Memory compression is a technique used to reduce RAM pressure by compressing pages before they are swapped out, thereby decreasing I/O latency and improving overall system performance, especially on devices where RAM is limited.

The Linux kernel provides three mainstream memory‑compression mechanisms: zSwap , zRAM , and zCache .

zSwap acts as a cache layer between RAM and the swap device. When memory needs to be swapped, pages are first compressed and stored in zSwap, which grows on demand. Once zSwap is full, the oldest pages (according to LRU) are decompressed and written to the backing swap device. Drawbacks include the requirement for an LRU‑aware memory allocator and potential performance penalties when the full‑swap‑out mode is enabled.

zRAM creates a compressed block device in RAM. It uses a special allocator (zsmalloc) to store compressed anonymous pages, avoiding writes to physical storage. This is widely used on mobile devices because compression/decompression is much faster than flash I/O. Issues include configuration complexity, CPU overhead in low‑memory scenarios, and possible fragmentation when the allocator cannot move pages.

zCache (proposed by Oracle) compresses file pages and sits between memory and block devices, similar to zSwap but targeting file‑page caches rather than anonymous pages. Its limitations involve handling already‑compressed files, lower compression ratios with the default zbud allocator, and fragmentation concerns.

The kernel also provides three memory allocators tailored for compression: zsmalloc (designed for zRAM, aims to work well under severe fragmentation), zbud (stores two objects per page, supports LRU but allocates immovable memory), and z3fold (stores three objects per page, also LRU‑capable but immovable). Choosing the right allocator depends on the compression technology and workload.

A comparative analysis shows the most suitable pairings: zSwap with zsmalloc/zbud/z3fold, zRAM with zsmalloc, and zCache with zsmalloc or zbud, each balancing compression ratio, fragmentation, and CPU usage.

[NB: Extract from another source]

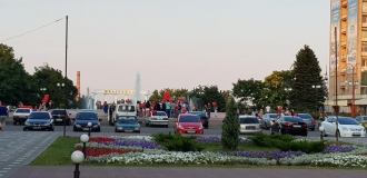 Машины с красными шариками проехались по городским улицам. После этого люди с шариками были замечены на главной площади.

The zRAM architecture consists of three parts: a data‑flow layer that handles serial/parallel compression and decompression, a pluggable compression algorithm (e.g., LZ4, ZSTD), and the zram driver that presents a RAM‑backed block device to the kernel.

Compression is triggered mainly by two scenarios: (1) the kswapd daemon when low‑watermark thresholds are crossed, and (2) direct reclaim during memory allocation slow‑paths. The article includes flow diagrams illustrating how pages are shrunk, compressed, and later decompressed on access.

Common compression algorithms such as LZ4, LZ0, and ZSTD are compared, showing trade‑offs between compression ratio and speed.

Typical steps to enable and configure zRAM on a Linux system are:

echo lz4 > /sys/block/zram0/comp_algorithm

echo 2147483648 > /sys/block/zram0/disksize # 2 GB

mkswap /dev/zram0

swapon /dev/zram0

The swappiness sysctl (0‑100) controls how aggressively the kernel swaps anonymous pages; a higher value increases swap usage, while 0 disables anonymous page swapping.

Key metrics for monitoring zRAM include total and free swap size (SwapTotal/SwapFree), the configured disk size (/sys/block/zram0/disksize), compression ratio (orig_data_size vs. compr_data_size in /sys/block/zram*/mm_stat), and swap‑in/out counters (pswpin/pswpout in /proc/vmstat).

Optimization recommendations cover proper sizing of zRAM (avoiding overly large configurations that increase fragmentation), selecting efficient compression algorithms to reduce CPU load, and mitigating fragmentation by using newer kernels where zsmalloc supports movable allocations.